If affect is structure, the structure should be detectable independent of any linguistic contamination. If the identity thesis is true, then systems that have never encountered human language, that learned everything from scratch in environments shaped like ours but isolated from our concepts, should develop affect structures that map onto ours—not because we taught them, but because the geometry is the same.

The Experimental Logic

Consider a population of self-maintaining patterns in a sufficiently complex CA substrate—or transformer-based agents in a 3D multi-agent environment, initialized with random weights, no pretraining, no human language. Let them learn. Let them interact. Let them develop whatever communication emerges from the pressure to coordinate, compete, and survive.

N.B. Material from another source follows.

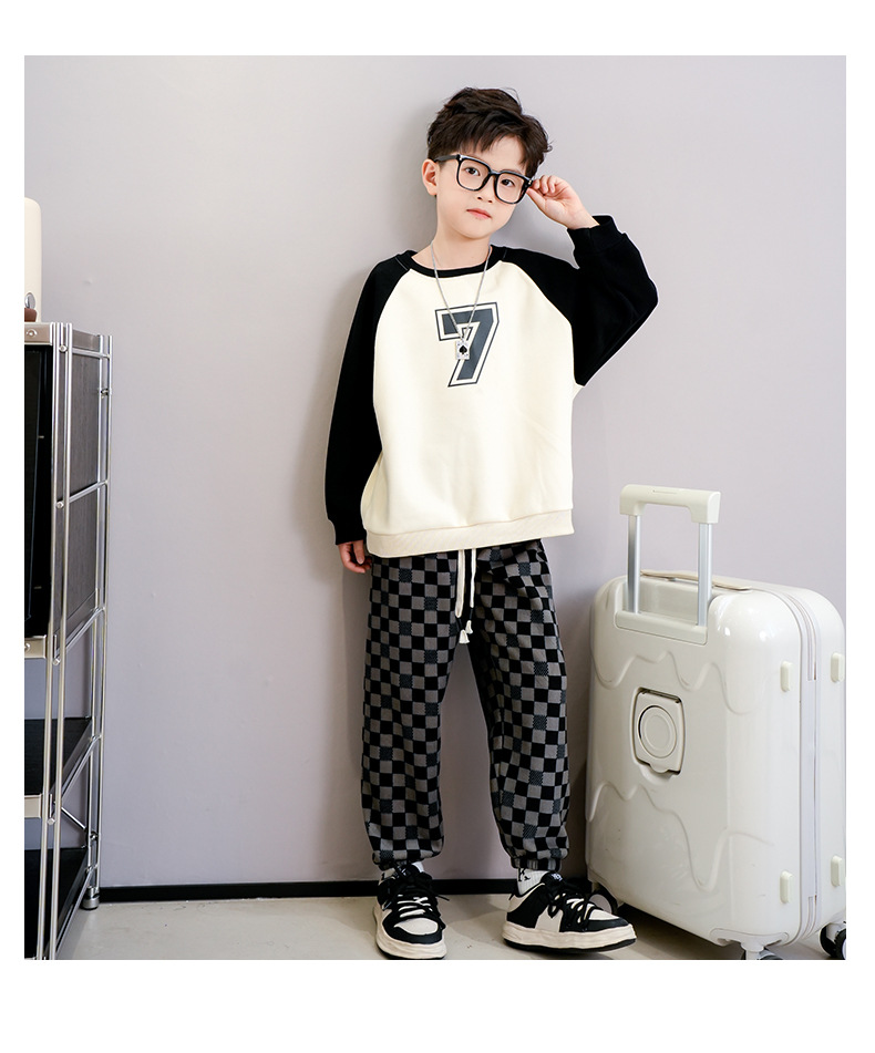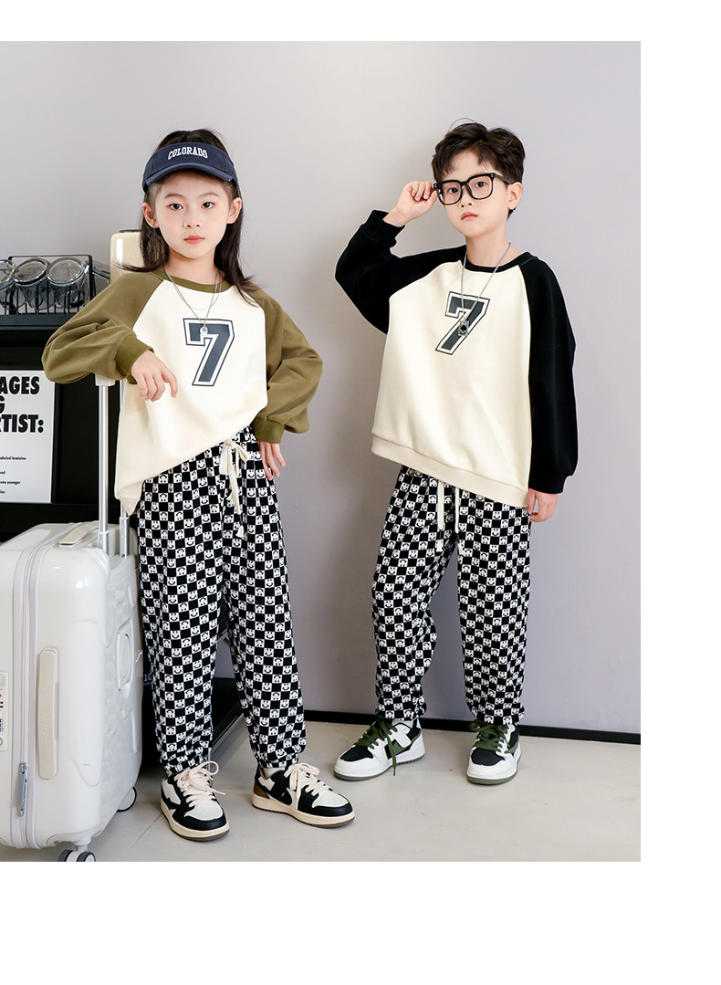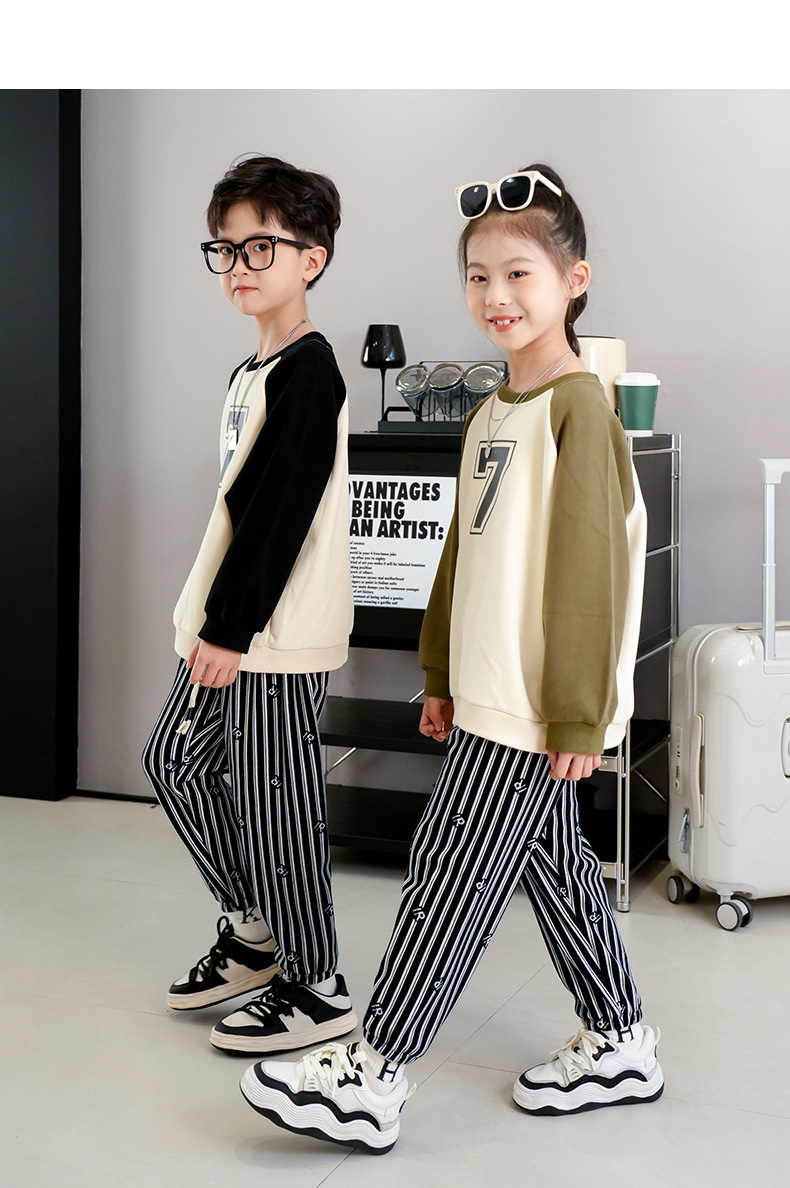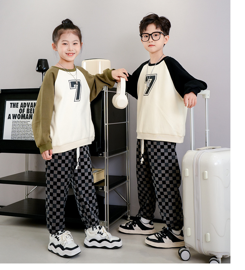 가을과 겨울 어린이 유행 격자 무늬 기모 두꺼운 느슨한 스포츠 캐주얼 바지 소년 소녀 줄무늬 따뜻한 바지스토어 가기

The literature establishes: language spontaneously emerges in multi-agent RL environments under sufficient pressure. Not English. Not any human language. Something new. Something uncontaminated.

Now: extract the affect dimensions from their activation space. Valence as viability gradient. Arousal as belief update rate. Integration as partition prediction loss. Effective rank as eigenvalue distribution. Counterfactual weight as simulation compute fraction. Self-model salience as MI between self-representation and action.

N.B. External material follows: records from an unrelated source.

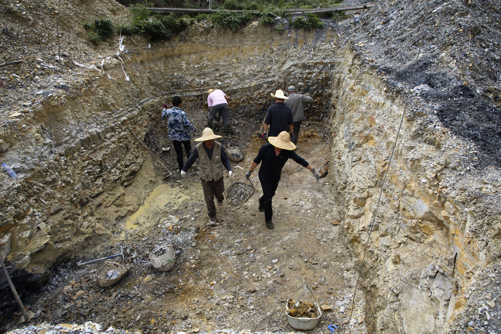 古脊椎所和福建地调院组成的联合考察队队员在位于福建政和县的野外考察和发掘现场工作(2023年10月21日摄)。新华社发(古脊椎所供图)
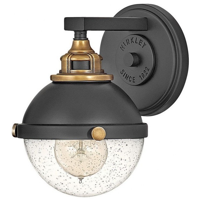 1 Light Bathroom Vanity-Black Finish . Newport Circles chic vibe transcends style boundaries. A seamless dome shade features a cast-fitter and an elegant capture ring that secures the clear seedy glass with decorative cast knobs. Spanning vintage to industrial classic to transitional Newport Circle sea
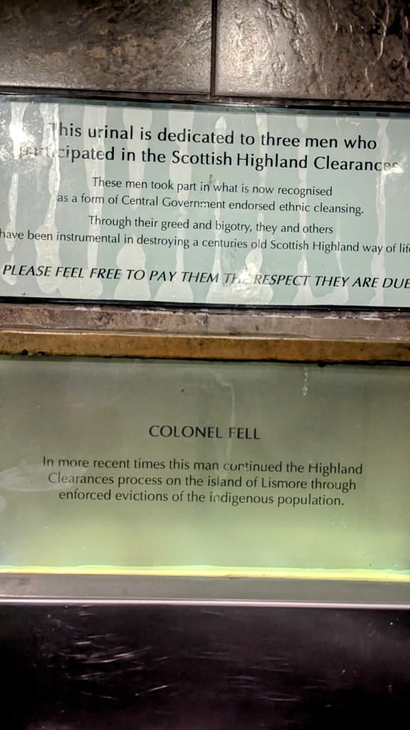 The urinals are dedicated to those who suffered in the Highland clearances. I’m tempted to cheer Colonel Fell but as the lone Sassenach in a pub of Scots I choose to just p**s on his name.
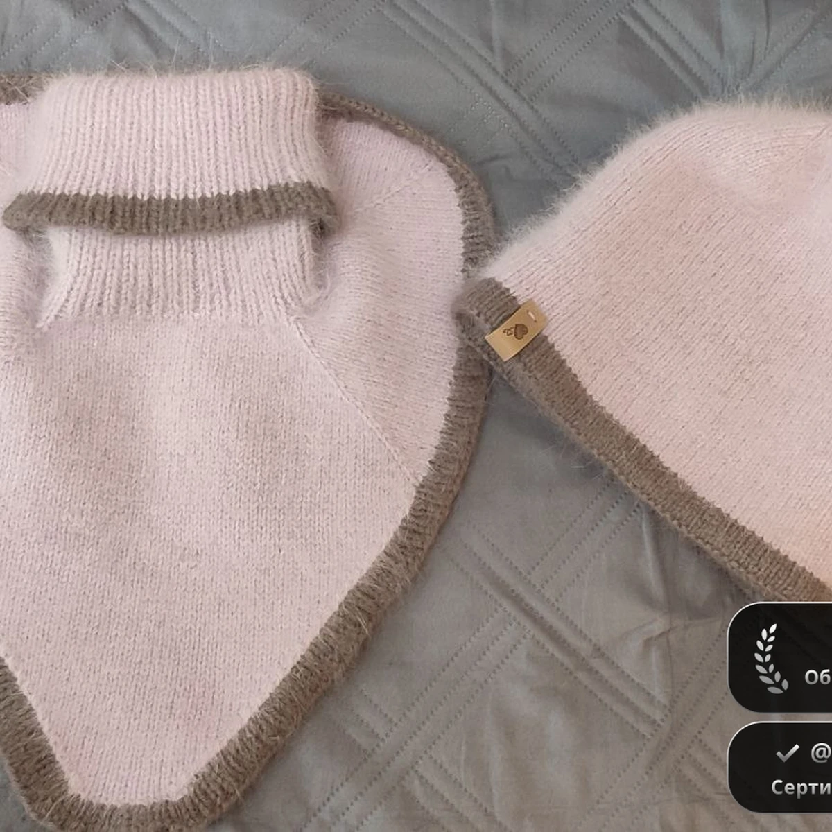 Очаровательный зимний комплект – анатомическая манишка-платок и облегающая шапочка-бини – связан из пушистого пудрово-розового мохера с контрастной какаовой окантовкой. Манишка вывязана сверху-вниз регланом, благодаря чему аккуратно садится на плечи и шею, а мягкая воротничковая резинка 2×2 добавляет уюта. Шапочка выполнена по классической формуле с незаметными убавками по четырём клиньям, что создаёт ровный купол без складок. Оба изделия получились лёгкими как облачко, при этом хорошо держат тепло: дуэт шёлкового кид-мохера и тонкой мериносовой нити даёт деликатный «ореол» и бархатистую посадку. Комплект смотрится минималистично и стильно, отлично подойдёт к пальто пастельных или нейтральных оттенков.
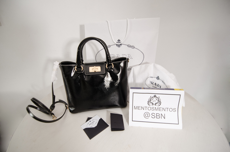 NEW PRADA SAFFIANO VERNIC arancio25 CM สีส้มเงา สีมาใหม่ Color: arancio

These are computable. In a CA, exactly. In a transformer, via the proxies defined above.

Simultaneously: translate their emergent language into English. Not by teaching them English—by aligning their signals with VLM interpretations of their situations. If the VLM sees a scene that looks like fear (agent cornered, threat approaching, escape routes closing), and the agent emits signal-pattern $\sigma$ , then $\sigma$ maps to fear-language. Build the dictionary from scene-signal pairs, not from instruction.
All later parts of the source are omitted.